When Mattos earned her first faculty position back in 1999, the only proteins they’d ever performed this work on were extracellular. “They’re very sturdy, they have disulfide bonds, and I thought back then probably more amenable to be put in organic solvents and surviving.” When she got to North Carolina State, she said, she wanted to look at a new kind of protein with this method. She wanted an intracellular protein that was small and stable enough to survive the method.

She looked around in the literature and landed on RAS. “Of course I didn’t know anything about signalling transduction pathways back then, I barely knew what RAS did.” The first thing she did with the protein was to determine the solvent map. But the data turned up some strange things that she couldn’t explain. Instead of publishing a random new structure without any insights attached to it, Mattos and her team sat on the data and dug deeper into the story of RAS. “In between that data collection and when it finally got published, we went off on this other track of understanding how this protein works and what we were seeing in the data sets.” The publication happened over a decade later and it included an entire paradigm shift for RAS researchers.

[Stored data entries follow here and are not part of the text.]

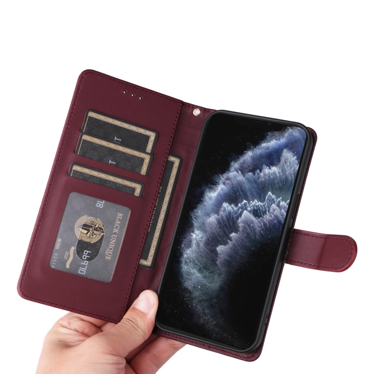 Funda para iPhone 11 Pro Max Diamond Lattice Cuero con Tapa (Rojo Vino)
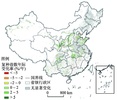 图8 1999-2013年中国耕地复种指数年际变化趋势的空间分布特征(P<0.1) |
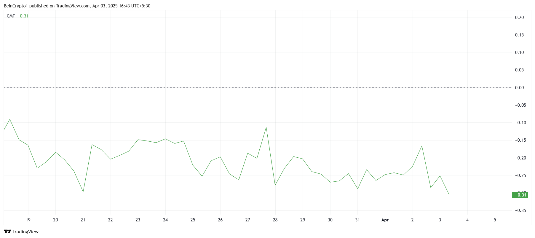 SponsoredÇıkış trendi yatırımcılar için endişe verici çünkü olumlu bir ivmenin olmaması uzun süreli bir düşüş trendini işaret ediyor. Piyasa hissiyatı düşüş yönünde kalıyor ve satıcılar alıcıları aşıyor. CMF negatif bölgede kaldıkça, Pi Network’ün fiyatının kısa vadede istikrar bulmakta zorlanabileceğini gösteriyor.
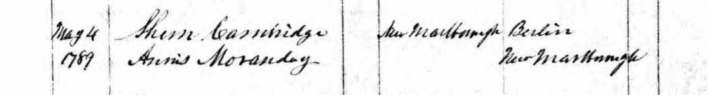 On 4 May 1789, Shem Cambridge married Annis Moranday, in New Marlborough, Berkshire County, MA, about 20 miles east of Granville. They were married by Rev. Jacob Cullen, Minister of the Gospel.
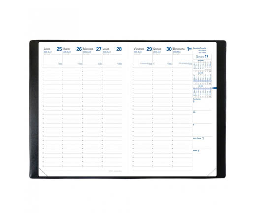 L’agenda semainier permet d’organiser facilement votre semaine, avec un espace personnalisé chaque mois et séparé par une feuille intercalaire conçue pour mettre en valeur votre activité, l’agenda est imprimé sur papier laser de 80g à 115g pour les pages intérieures, l’intercalaire sur papier couché mat ou brillante 135 ou 170g et la couverture sur papier rigide de 300g, l’assemblage est effectué avec spirale métallique ou avec encollage en dos carré collé.

Today, Mattos’ work is almost entirely focused on RAS. Her team still does perform solvent mapping, but usually in the context of this particular molecule and its interactions with others.

I love stories of surprise like this. It totally lays bare the intrigue of working as a scientist. It’s all about following your nose, so to speak, asking questions and seeing where they lead you. When one has the freedom to pursue those new leads, amazing things can happen.